Centurion's Growth Plans

1. Expanding Core Segments

Centurion has been a dominant player in offering accommodation for two specific categories of tenants (workers and students), with 37 operating assets across six countries, including Singapore, Malaysia, the UK, and Australia.


WestlitePapanWestlite Papan, with 7,900 beds -- the largest in Centurion's portfolio of properties for worker accommodation.
The company plans to further expand its bed capacity, which stood at nearly 70,000 as of 2024. The growth plans include: 

  • Worker Accommodation: It is redeveloping two key sites in Singapore—Westlite Toh Guan and Westlite Mandai—to add nearly 5,500 beds by 2026.

  • Student Accommodation: Centurion operates 17 PBSA assets globally.

    Demand for student housing remains strong, especially in the UK and Australia, and supply very short. In Australia, up to 1,900 extra beds are being planned.

Centurion dwell2.25Centurion's "dwell-branded" student accommodation property in Manchester offers close to 1,000 beds, the largest capacity in its UK portfolio of nearly 2,800 beds for students.

2. Venturing into Build-to-Rent (BTR)

Recognising affordability challenges among young couples and professionals, in 2024, Centurion ventured into BTR through 2 joint ventures in China involving two properties with 1,500 apartments in aggregate.

"This segment is interesting because we see growing demand from residents who prefer long-term rentals over home ownership," explained David Phey, the head of corporate communications.

3. Embracing an Asset-Light Strategy

Centurion is adopting an asset-light approach (without owning all properties outright) to scale its portfolio efficiently, through joint ventures, for example.

4. Exploring a REIT Spin-off

The company is exploring shifting selected assets -- worker accommodation and student accommodation -- into a separate entity (a real estate investment trust, or REIT). 

Some units in the proposed REIT held by Centurion will be distributed to shareholders.

Centurion mgt2.25CEO Kong Chee Min (extreme right) speaks with Kelvin Teo, Chief Operating Officer -- Accommodation Business. With them is Ho Lip Chin, Chief Investment Officer – Accommodation Business. Photo: Shivam Saraf

Riding Favourable Market Trends

1. Worker Accommodation

The demand for PBWA remains robust across Centurion’s markets.

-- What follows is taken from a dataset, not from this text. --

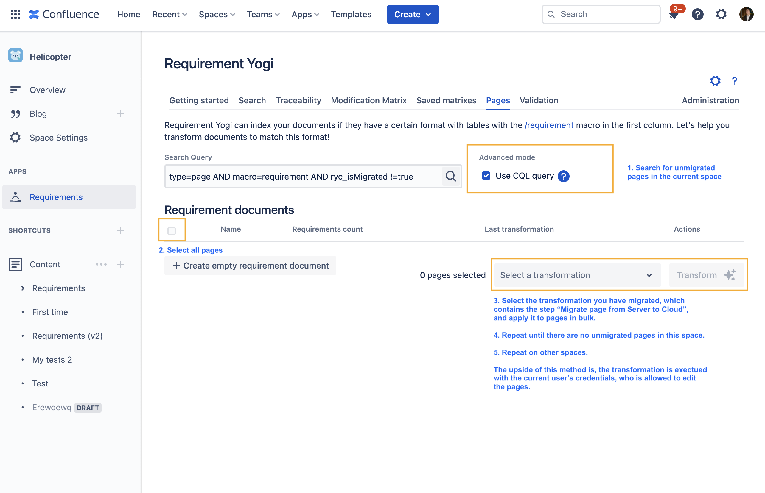 | 1 | Click on the Requirement Yogi Byline (at the top of the page) > Transformation wizard | ![]() |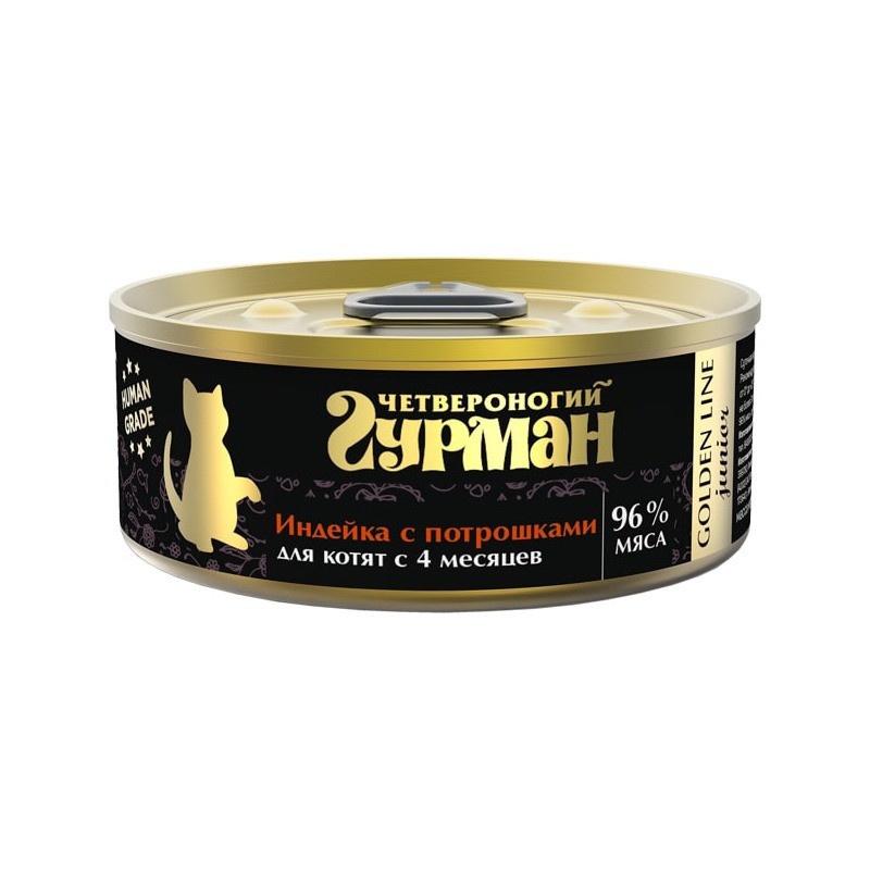 Влажный корм Четвероногий Гурман Golden line для котят индейка с потрошками в желе - 100 г

  • Singapore: The government mandates that construction, marine, and shipyard workers reside in approved accommodations with specific standards.

    This creates a captive customer base of around 443,000 workers. However, supply is constrained as temporary dormitories reach lease expiry without renewal.

  • Malaysia: The enforcement of Act 446 on worker housing standards is driving demand for professionally managed accommodations.

    Employers are increasingly moving workers into compliant facilities like Centurion's.

  • Hong Kong: Centurion recently entered this market with two operational assets catering to cross-border workers from mainland China.

2. Student Accommodation

Demand continues to outstrip supply in key markets like the UK and Australia.

  • UK: Centurion's assets achieved a financial occupancy rate (the percentage of available units that are generating rental income) of 98% in 2024 versus 93% the year before.

    Rental reversions (ie adjustments in rental rates when leases are renewed or new tenants move in) contributed to a 20% year-on-year revenue growth to S$40.2 million.

  • Australia: Occupancy rose from 88% in 2023 to 96% in 2024 across Centurion’s two assets.

    The chronic undersupply of student housing presents a strong growth opportunity.

Financial Performance and Outlook

Centurion delivered robust financial results in FY2024:

  • Revenue grew by 22% year-on-year to S$253.6 million.

  • Net profit surged by 118% to S$382.6 million, driven by higher occupancies and rental reversions. Excluding Fair Value Adjustments, net profit from core business grew 45% to S$110.8 million.

  • Earnings per share (EPS) increased at a compound annual growth rate (CAGR) of 25% over five years.

Looking ahead:

  • Rental rate growth is expected to moderate but remain healthy.

  • Inflationary pressures and high interest rates are anticipated to ease gradually.

  • The company will continue enhancing portfolio value through redevelopment projects and operational efficiencies.